_Problem statement_: When you reach the line with "Gumová trávníková dlaždice" in the records below, begin transcribing exactly and continue up to and including the line with "rituals of self-care.", leaving out every picture.

_Given data_:
════════

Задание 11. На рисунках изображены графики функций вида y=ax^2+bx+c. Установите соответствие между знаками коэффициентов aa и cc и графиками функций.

════════

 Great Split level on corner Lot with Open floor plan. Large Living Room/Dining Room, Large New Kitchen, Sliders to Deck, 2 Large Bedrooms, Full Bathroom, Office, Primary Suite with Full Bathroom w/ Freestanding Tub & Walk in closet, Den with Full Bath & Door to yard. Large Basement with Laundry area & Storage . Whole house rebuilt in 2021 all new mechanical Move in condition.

════════

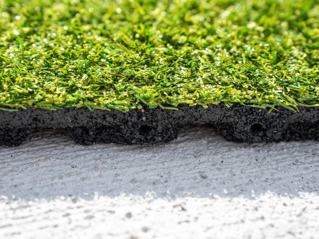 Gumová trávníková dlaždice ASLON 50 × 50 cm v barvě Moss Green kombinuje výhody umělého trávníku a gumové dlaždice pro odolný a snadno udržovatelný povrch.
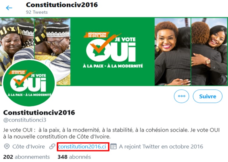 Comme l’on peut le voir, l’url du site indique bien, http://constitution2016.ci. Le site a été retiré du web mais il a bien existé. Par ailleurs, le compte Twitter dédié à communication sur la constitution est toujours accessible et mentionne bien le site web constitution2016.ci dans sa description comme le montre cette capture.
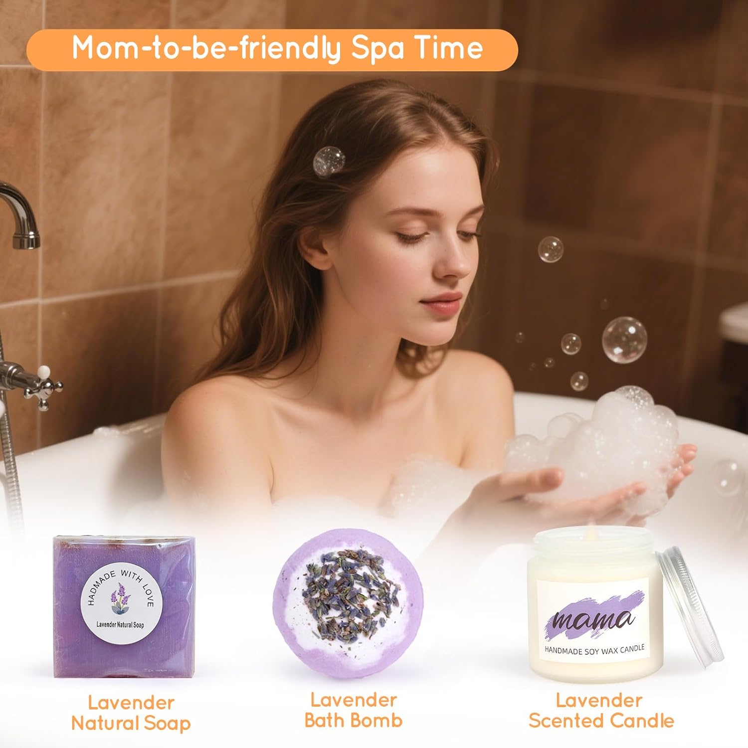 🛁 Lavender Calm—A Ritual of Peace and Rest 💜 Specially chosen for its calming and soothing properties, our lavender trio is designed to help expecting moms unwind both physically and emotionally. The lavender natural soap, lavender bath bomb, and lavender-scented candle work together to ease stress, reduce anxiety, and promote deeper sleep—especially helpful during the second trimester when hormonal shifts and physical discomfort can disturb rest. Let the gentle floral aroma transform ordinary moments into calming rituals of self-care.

════════

_Solution_:
 Gumová trávníková dlaždice ASLON 50 × 50 cm v barvě Moss Green kombinuje výhody umělého trávníku a gumové dlaždice pro odolný a snadno udržovatelný povrch.
 Comme l’on peut le voir, l’url du site indique bien, http://constitution2016.ci. Le site a été retiré du web mais il a bien existé. Par ailleurs, le compte Twitter dédié à communication sur la constitution est toujours accessible et mentionne bien le site web constitution2016.ci dans sa description comme le montre cette capture.
 🛁 Lavender Calm—A Ritual of Peace and Rest 💜 Specially chosen for its calming and soothing properties, our lavender trio is designed to help expecting moms unwind both physically and emotionally. The lavender natural soap, lavender bath bomb, and lavender-scented candle work together to ease stress, reduce anxiety, and promote deeper sleep—especially helpful during the second trimester when hormonal shifts and physical discomfort can disturb rest. Let the gentle floral aroma transform ordinary moments into calming rituals of self-care.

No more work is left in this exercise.